Suhan Prabhu received his MS-Dual Degree in Computational Linguistics (CL). His research was supervised by Dr. Manish Shrivastava.
Here’s a summary of Suhan Prabhu’s thesis, Exploring Event Extraction through languages as explained by him:
The word event is quite commonplace in any language. Often it refers to the notion of something happening, when we need to mention that happening exclusively. News stories often cover “current events” as a serialized list of occurrences which serves as a self-sufficient understanding of a real-world situation, abstracted just to one question: ”What took place?”
As a trilingual, who speaks languages from three different language families (English, Hindi, and Kannada), the diversity of representing temporal phenomena is fascinating. From differences in morphology, all the way to how the notion of time is treated in these languages, everything in between differs significantly. That is not to say, however, that there are no common properties at all. That fact that the aim of event representation in all these languages is to capture temporally significant phenomena allows some common properties to arise from the various syntactic, semantic, and morphological features used in these representations.

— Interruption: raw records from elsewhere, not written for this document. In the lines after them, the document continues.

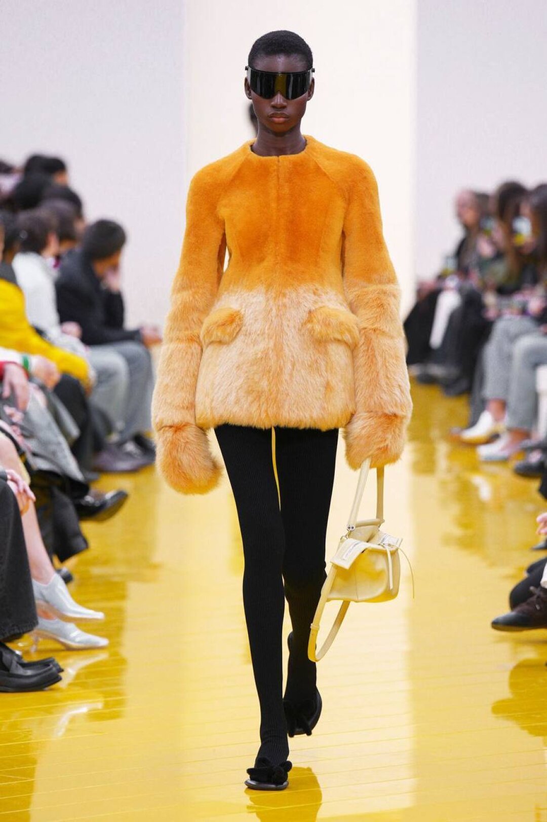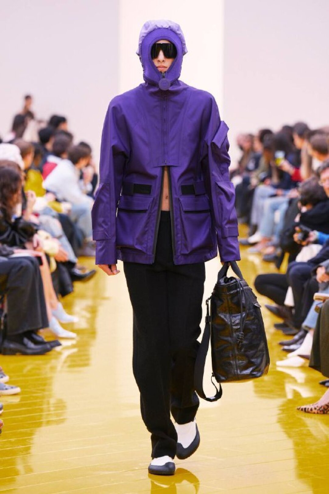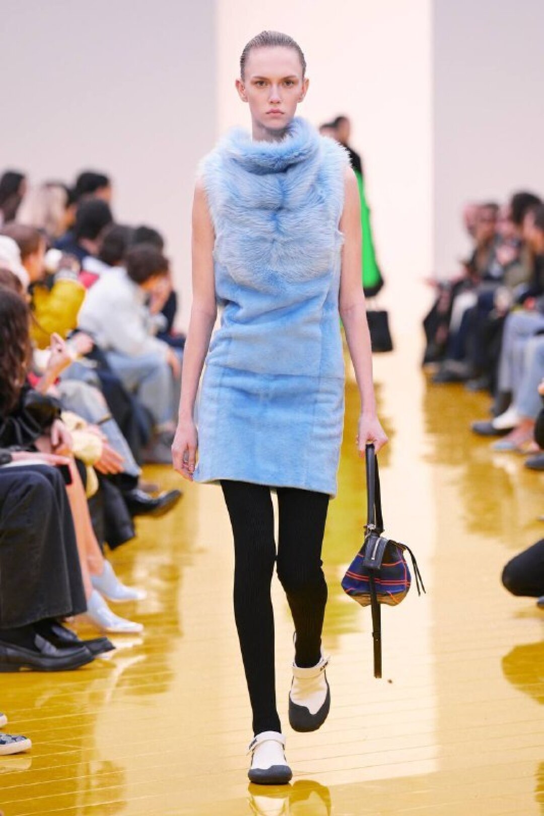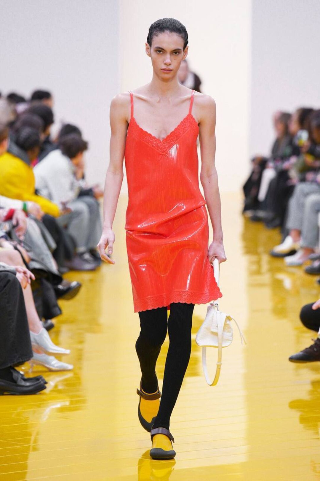 И если о необходимости шубы (чем пушистее, тем лучше!) в следующем сезоне сказал каждый, то фэшн-дуэт Джека Маккалоу и Лазаро Эрнандеса напомнили о важности аутдорных пуховиков и парок — будем носить с ворсистыми мини-платьями и колготками в рубчик, а еще — с куцыми костюмными брюками (супертренд!). Фиксируем любовь дизайнеров к винилу: недавно Хайдер Акерманн показал прозрачные юбки и плащи в духе «Американского психопата», а худруки Loewe вывели на подиум дофаминовых двойников Патрика Бейтмана в пестрых ПВХ-комбинациях, лонгсливах и брюках.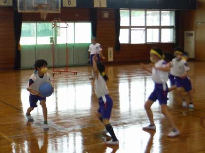 体育科の時間には、バスケット型ゲームに取り組んでいます。ドリブルはしないというルールに決めたので、ボールを持っている人よりも、持っていない人たちが、積極的にボールをもらえる場所に走っていきました。相手のパスコースをよんで、パスカットにトライしていました。これから、チームで練習方法を工夫していきたいと思います。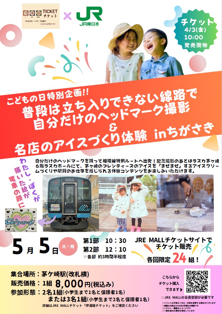 【こどもの日特別企画】5月5日(火・祝) ~普段は立入できない線路で自分だけのヘッドマーク撮影&名店のアイスづくり体験 inちがさき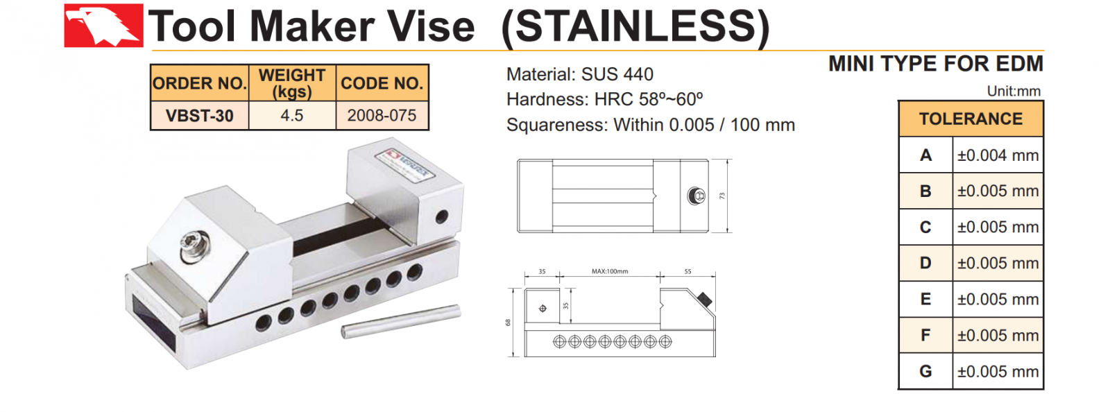 – Ê tô máy mài bằng inox thích hợp sử dụng trên máy EDM và máy mài.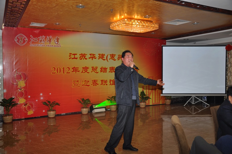 在隨后的迎春聯(lián)誼會(huì)上,一臺由惠州公司上下精心準(zhǔn)備、齊力打造、自編自演的精彩演出,表達(dá)出了廣大員工對2012年取得業(yè)績的自豪與喜悅,以及對公司美好未來的憧憬與向往。在演出中,由機(jī)具處員工莊曙演繹的男聲獨(dú)唱,以高亮的美聲唱法,讓在座嘉賓擊掌叫好;四位機(jī)關(guān)員工表演的三句半《華建style》,詼諧幽默談發(fā)展,回顧展望頌華建,讓在場觀眾掌聲不斷;蔡總和華總兩位領(lǐng)導(dǎo)帶頭獻(xiàn)歌,唱出了華建人對事業(yè)的激情與豪邁,對未來的堅(jiān)定與信仰。最后,由宗總、林總兩位總部領(lǐng)導(dǎo)和惠州公司12名男女員工組成的合唱團(tuán)獻(xiàn)上的一曲《華建之歌》更是將整個(gè)活動(dòng)推向了高潮,臺上的小合唱變成了在場華建人的大合唱,掌聲歡呼聲此起彼伏,年會(huì)在歡歌笑語中圓滿結(jié)束。新年思變,實(shí)干興業(yè),華建人立足惠州,一路高歌,奮勇前行。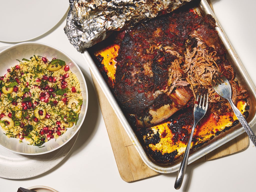 Slow-roasted harissa lamb shoulder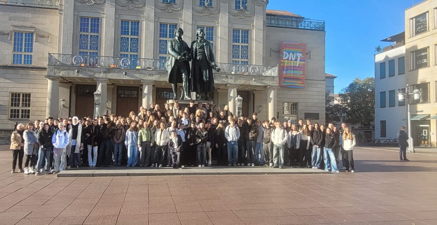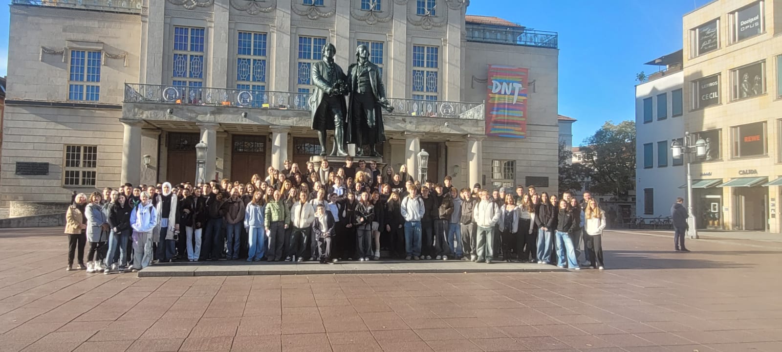 Heute, am 05.11.2025, waren die 10. Klassen auf Exkursion in die Altstadt Weimar in Thüringen. Dort hatten sie die Wahl zwischen dem Besuch des Goethehauses und des Schillerhauses mit der dazugehörigen Faustausstellung. Zusätzlich war die Aufgabe gestellt, selbstständig mit dazugehörigen Schwerpunkten eine Stadtrallye durchzuführen. Hierzu suchten sie verschiedene Sehenswürdigkeiten auf, um sich anschließend davor zu fotografieren und Wissenswertes zu den Wahrzeichen zu bearbeiten.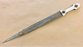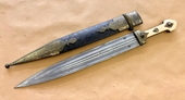 Российская Империя. Армейский кинжал кавказского типа, изготовленный на Златоусткой оружейной фабрике в 1905 году по заказу ГАУ. На устье ножен войсковое клеймо "2. Б. 24 М.А.Д. 2 " 2-я батарея 24 Мортирный Артиллерийский Дивизион, номер оружия по списку 50. Клинок ромбообразного сечения с тремя долами. На аверсе клинка клеймо ЗОФ и год выпуска, на реверсе приёмные клейма Главного Артиллерийского управления заглавная буква "А" с короной и просто "А". Рукоять традиционного вида для кинжалов, деревянная, крашенная в черный цвет, крепится тремя "гвоздиками". Ножны деревянные, обтянуты черной кожей. Прибор ножен из светлой бронзы с позолотой. Очень редкий и крайне интересный предмет для истинного коллекционера.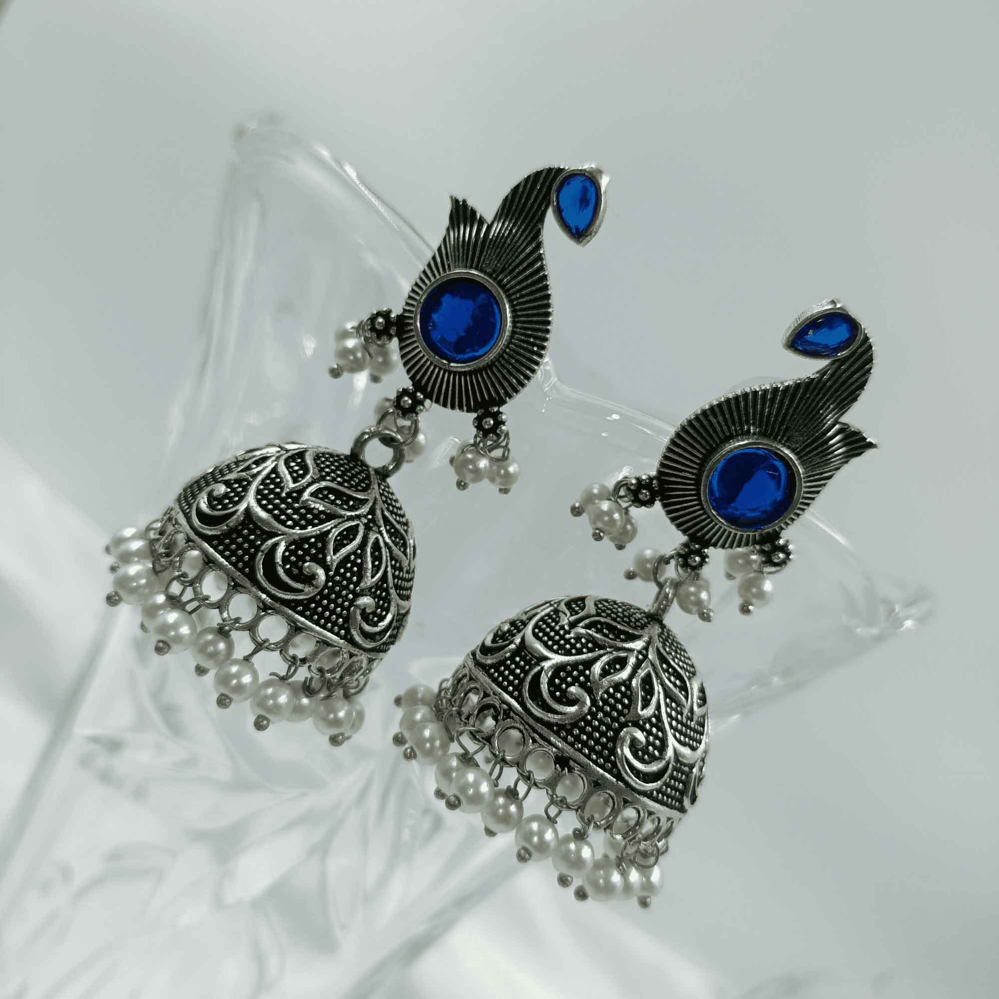 3. Handcrafted with meticulous attention to detail, our oxidized silver look Chandbali zhumki earrings exude a vintage appeal that effortlessly complements both traditional and contemporary outfits.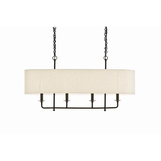Long and narrow 4-light pendant in steel with dark bronze finish features light beige linen fabric oval shade.Details:Product Type: 4 Light +Finish...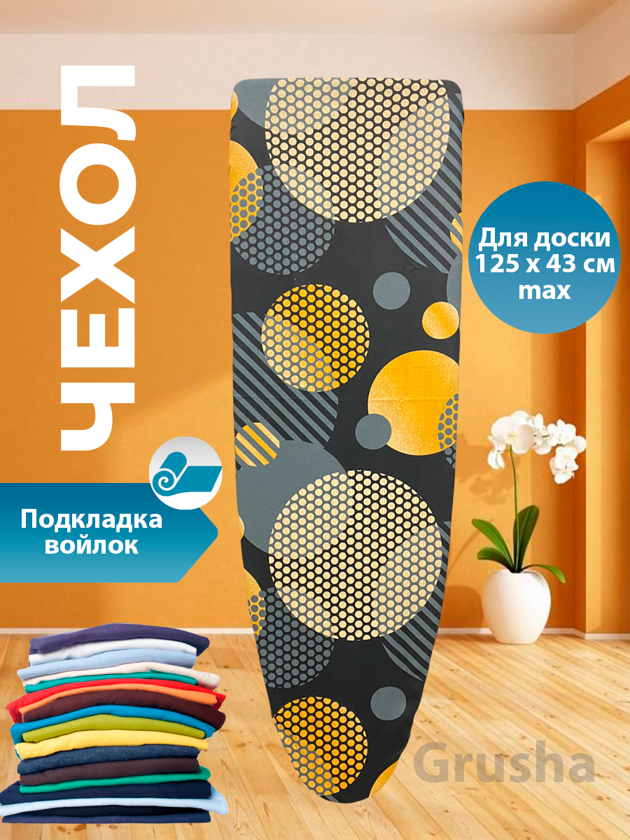 Чехол для гладильной доски с подкладкой из войлока, 125х43 см, серый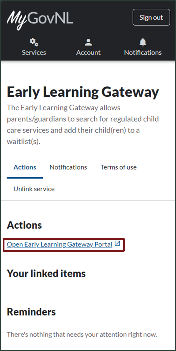 Once logged into your MyGovNL account, click on Early Learning Gateway located under Services.

This thesis is a culmination of the work done on event detection, annotation, and analysis. We present here the development of the detection of events on a large scale for low resource languages in two ways from a computational and a linguistic perspective. From the linguistic perspective, we discuss the creation of a language specific event annotation and representation task for Kannada, a morphologically rich resource poor Dravidian language and Hindi, a popular Indo-Aryan language. This is one of the first attempts at a large-scale discourse level annotation for Kannada, which can be used for semantic annotation and corpus development for other tasks in the language. From a computational perspective, we investigate leveraging information from resource rich languages and use transfer learning to detect events in a resource poor environment as well. We present a Language Invariant Neural Event Detection (ALINED) architecture. ALINED uses an aggregation of both sub-word level features as well as lexical and structural information.
This thesis has served to increase the repertoire of literature, corpora, and machine learning models for Indian languages, which are known to be resource starved. It is my hope that this work can be used as a stepping stone towards making progress in NLP for Indian languages. I provide here a mechanism to leverage resource rich languages for improving the state of other resource poor languages.